◆ **Task details**: Produce word for word the lines of the data below running from the one that has "入门处,右排是一墙面的鞋柜,收纳问题得到大大的解决,左手边的门是卫生间。" to the one that has "Микшер монофонический *Моно*", inclusive, and no others.
Information given section start
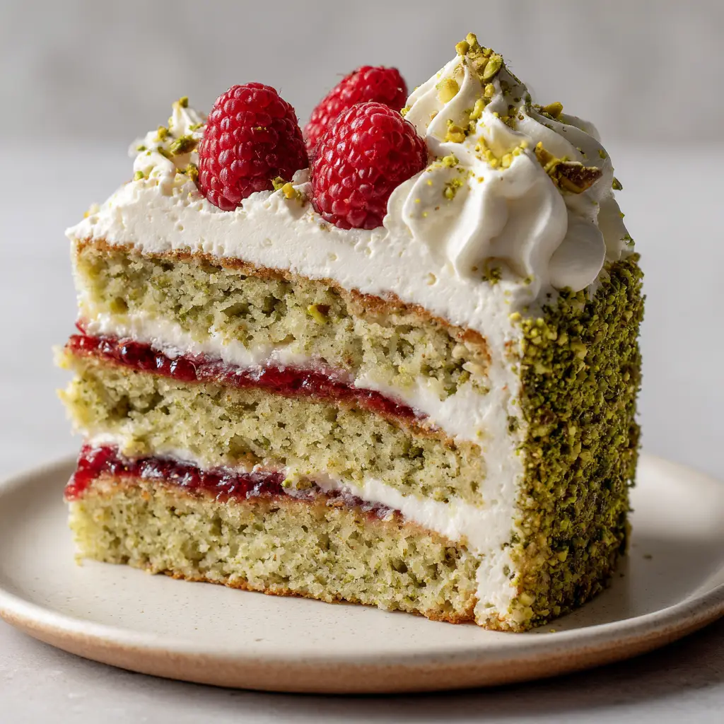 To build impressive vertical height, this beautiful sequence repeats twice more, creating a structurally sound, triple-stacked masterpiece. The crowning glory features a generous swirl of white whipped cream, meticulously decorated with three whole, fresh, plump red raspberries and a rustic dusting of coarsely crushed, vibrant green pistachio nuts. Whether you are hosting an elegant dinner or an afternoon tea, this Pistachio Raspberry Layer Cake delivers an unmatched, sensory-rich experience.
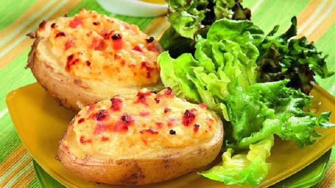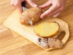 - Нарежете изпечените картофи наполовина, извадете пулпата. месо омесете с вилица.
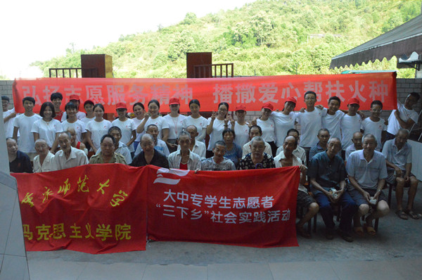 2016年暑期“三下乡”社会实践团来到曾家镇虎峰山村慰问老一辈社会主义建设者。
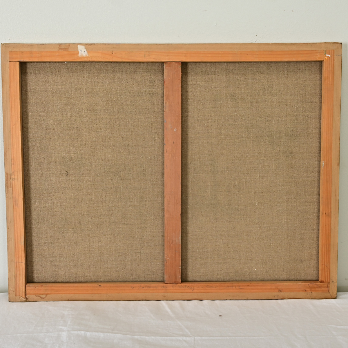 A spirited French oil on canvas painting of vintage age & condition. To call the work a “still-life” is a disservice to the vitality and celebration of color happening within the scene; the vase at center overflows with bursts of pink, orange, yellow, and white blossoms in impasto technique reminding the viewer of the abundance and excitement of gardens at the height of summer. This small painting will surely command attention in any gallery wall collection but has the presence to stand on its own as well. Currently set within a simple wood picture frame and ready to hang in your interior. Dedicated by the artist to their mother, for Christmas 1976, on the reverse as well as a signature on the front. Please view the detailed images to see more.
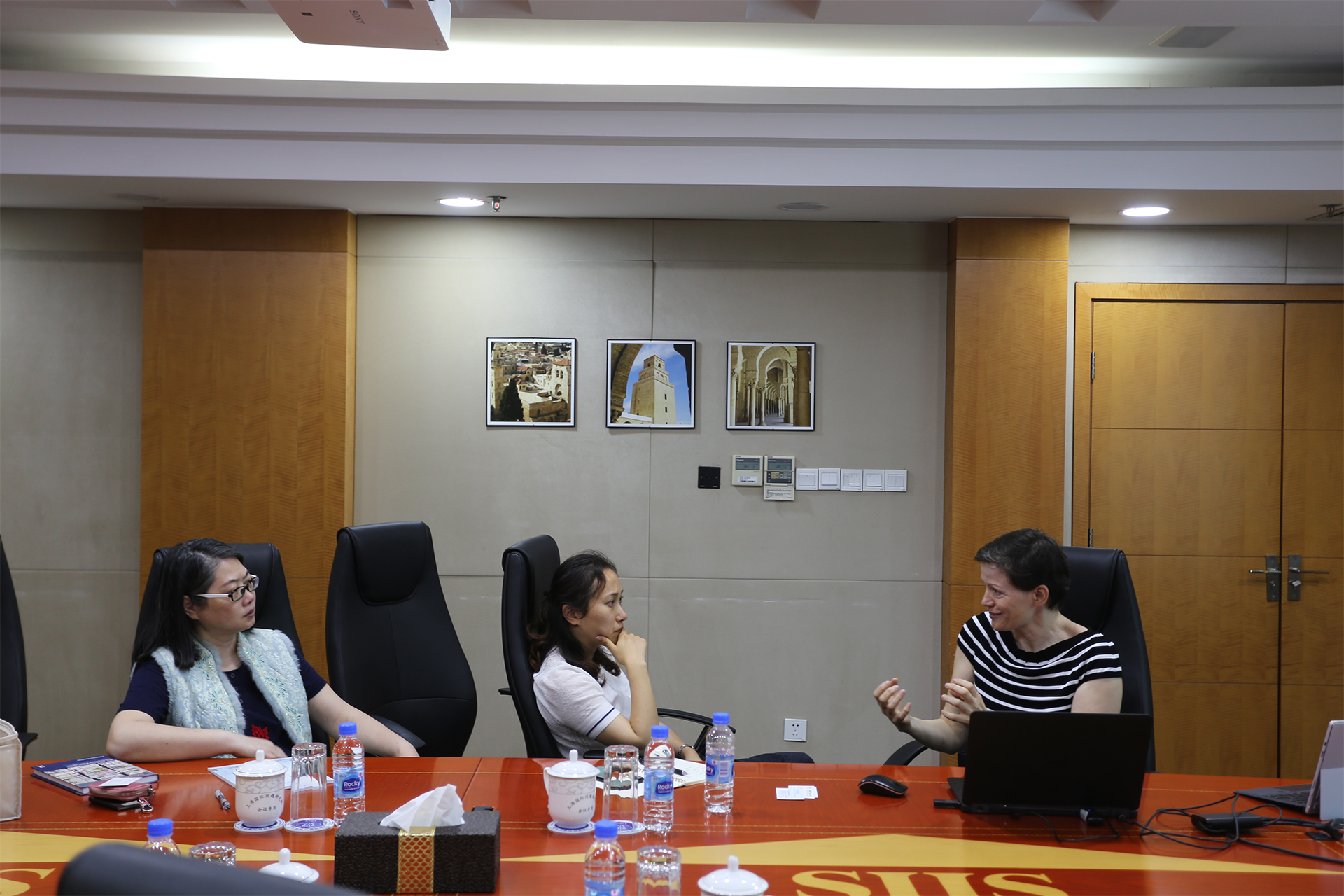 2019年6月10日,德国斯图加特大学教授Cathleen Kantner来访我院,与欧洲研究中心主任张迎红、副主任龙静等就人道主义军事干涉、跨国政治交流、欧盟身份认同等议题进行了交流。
Information given section end
Information given section start
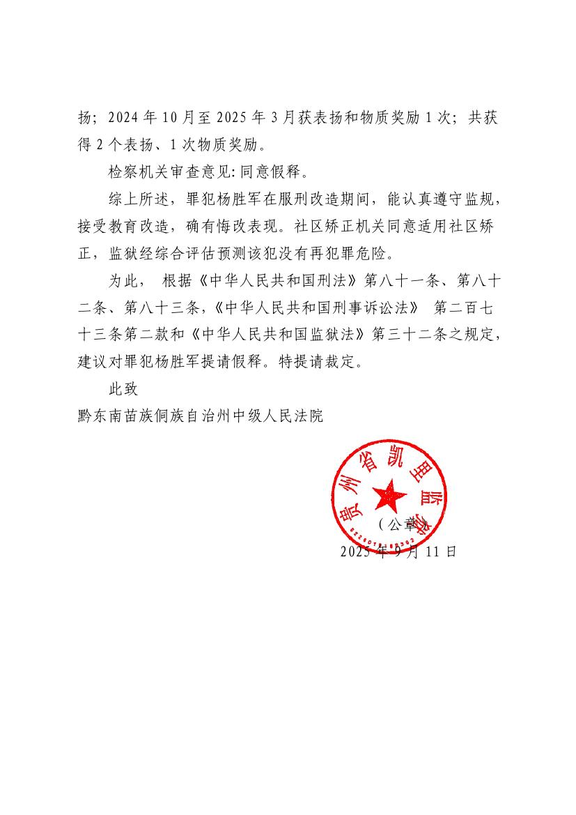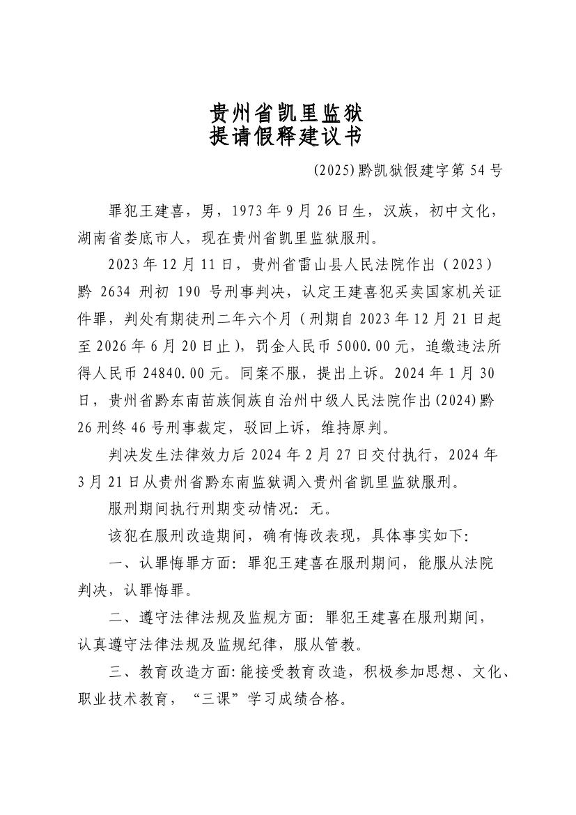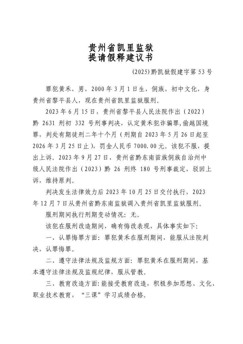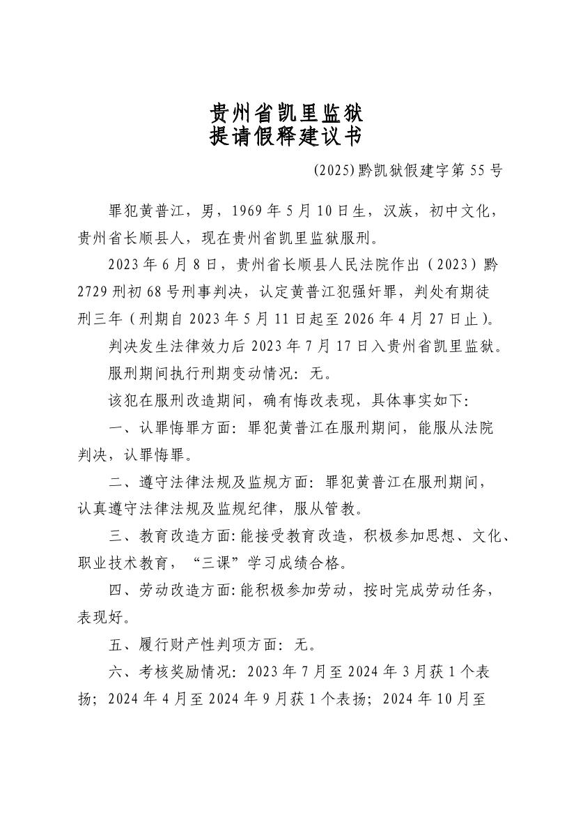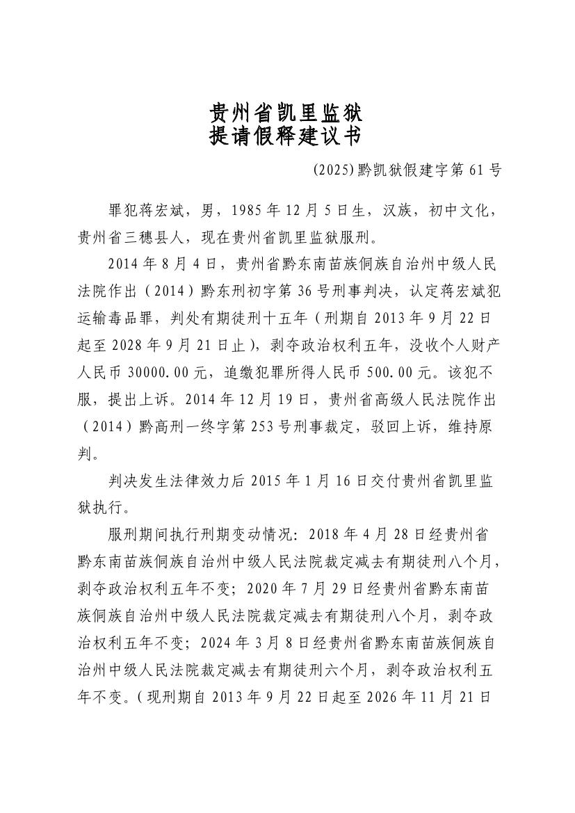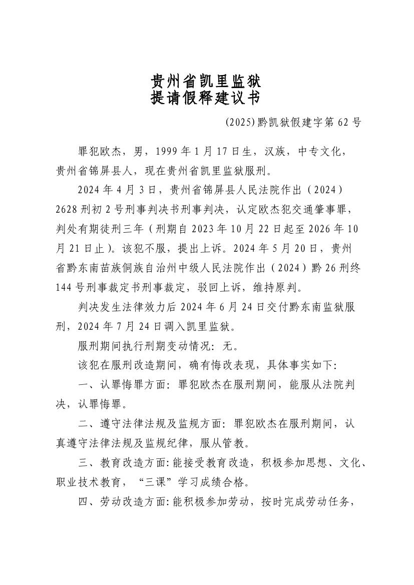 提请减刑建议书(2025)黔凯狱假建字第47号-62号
Information given section end
Information given section start
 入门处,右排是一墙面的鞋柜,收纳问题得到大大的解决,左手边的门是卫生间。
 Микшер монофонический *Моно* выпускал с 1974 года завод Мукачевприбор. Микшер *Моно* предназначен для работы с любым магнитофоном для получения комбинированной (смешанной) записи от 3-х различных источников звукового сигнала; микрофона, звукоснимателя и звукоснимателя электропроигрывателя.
Information given section end
◆ **Answer below**:
 入门处,右排是一墙面的鞋柜,收纳问题得到大大的解决,左手边的门是卫生间。
 Микшер монофонический *Моно* выпускал с 1974 года завод Мукачевприбор. Микшер *Моно* предназначен для работы с любым магнитофоном для получения комбинированной (смешанной) записи от 3-х различных источников звукового сигнала; микрофона, звукоснимателя и звукоснимателя электропроигрывателя.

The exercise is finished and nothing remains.